**The task:** Only the pictures are to be omitted; everything else in the listing must be reproduced exactly.

**Dataset extract:**
····················
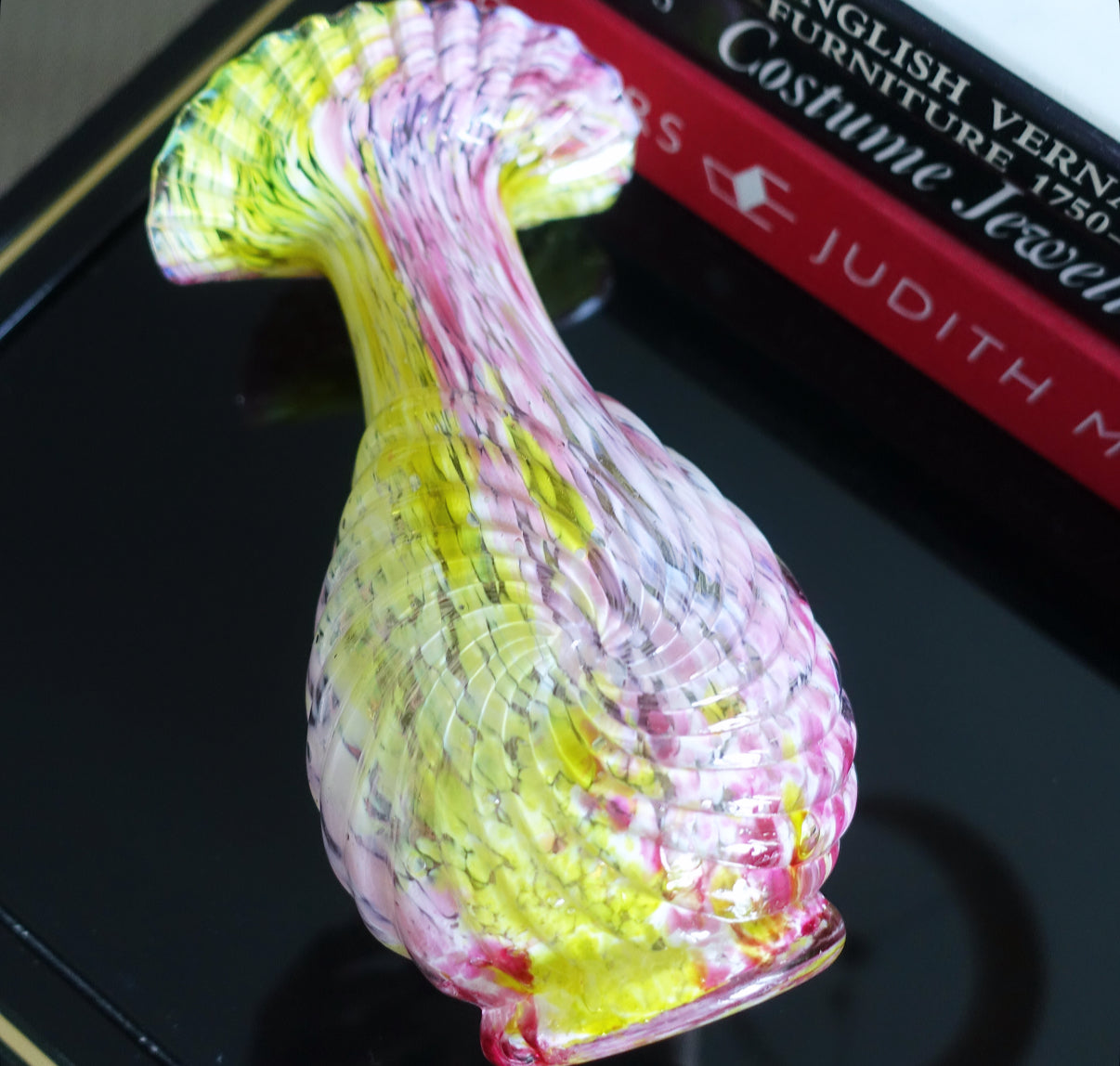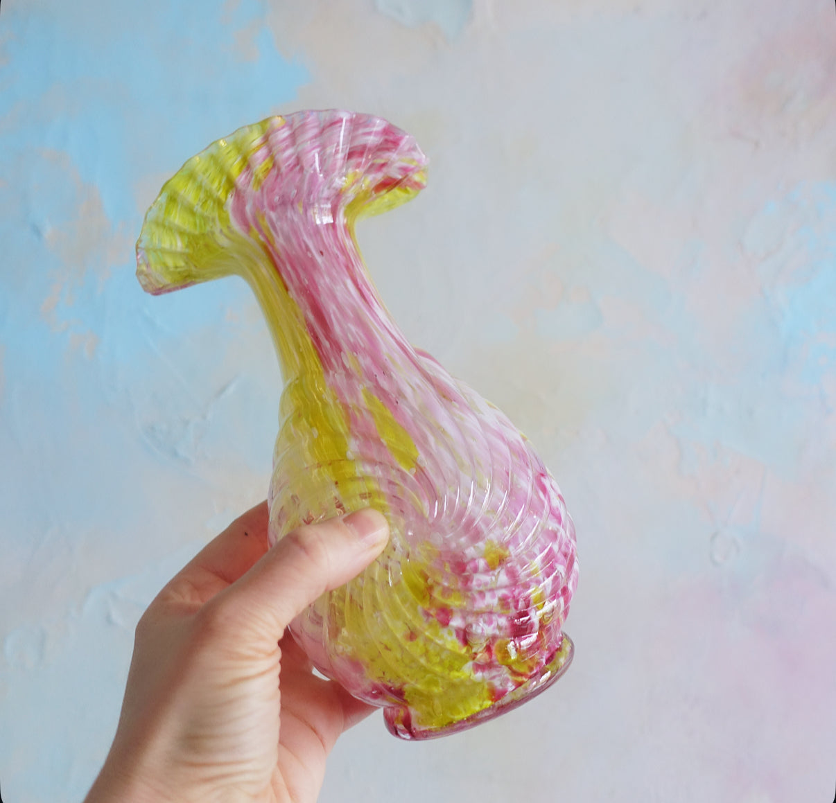 Antique pink, yellow & white splatter glass ‘Soleil’ vase by Legras France, c.1890s
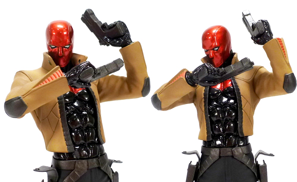Red Hood’s sculpt (by Naoya Muto) is pretty great and deserves an up close look. Just like in the comics the anti-hero wears a variety of materials in his clothing, and those are replicated with appropriately different details. There are nice creases in his pants and jacket, along with seams, zippers, buttons, and the like. There are even armored kneepads protruding from the slacks! Jason wears heavy-duty combat shoes with thick soles, and over his pants are twin, empty holsters with the flaps unattached. Visible underneath the jacket is Red Hood’s armored breastplate, sculpted with deeply cut muscle details. His overall helmet is mostly smooth with twin lines running over the top and a fearsome face depicting only eyes and a nose. Red Hood’s pistols are nicely detailed as well.
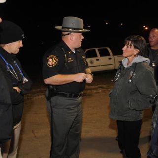 Más de 50 agentes del orden -entre ellos ayudantes del jefe de la policía, agentes de la patrulla de carreteras, policías y agentes de la División de Fauna Salvaje estatalâ- vigilaban la granja de 16 hectáreas (40 acres) y las zonas circundantes en automóviles y camionetas, con frecuencia bajo la lluvia.
····················
**Solution to this task:**
 Antique pink, yellow & white splatter glass ‘Soleil’ vase by Legras France, c.1890s
Red Hood’s sculpt (by Naoya Muto) is pretty great and deserves an up close look. Just like in the comics the anti-hero wears a variety of materials in his clothing, and those are replicated with appropriately different details. There are nice creases in his pants and jacket, along with seams, zippers, buttons, and the like. There are even armored kneepads protruding from the slacks! Jason wears heavy-duty combat shoes with thick soles, and over his pants are twin, empty holsters with the flaps unattached. Visible underneath the jacket is Red Hood’s armored breastplate, sculpted with deeply cut muscle details. His overall helmet is mostly smooth with twin lines running over the top and a fearsome face depicting only eyes and a nose. Red Hood’s pistols are nicely detailed as well.
 Más de 50 agentes del orden -entre ellos ayudantes del jefe de la policía, agentes de la patrulla de carreteras, policías y agentes de la División de Fauna Salvaje estatalâ- vigilaban la granja de 16 hectáreas (40 acres) y las zonas circundantes en automóviles y camionetas, con frecuencia bajo la lluvia.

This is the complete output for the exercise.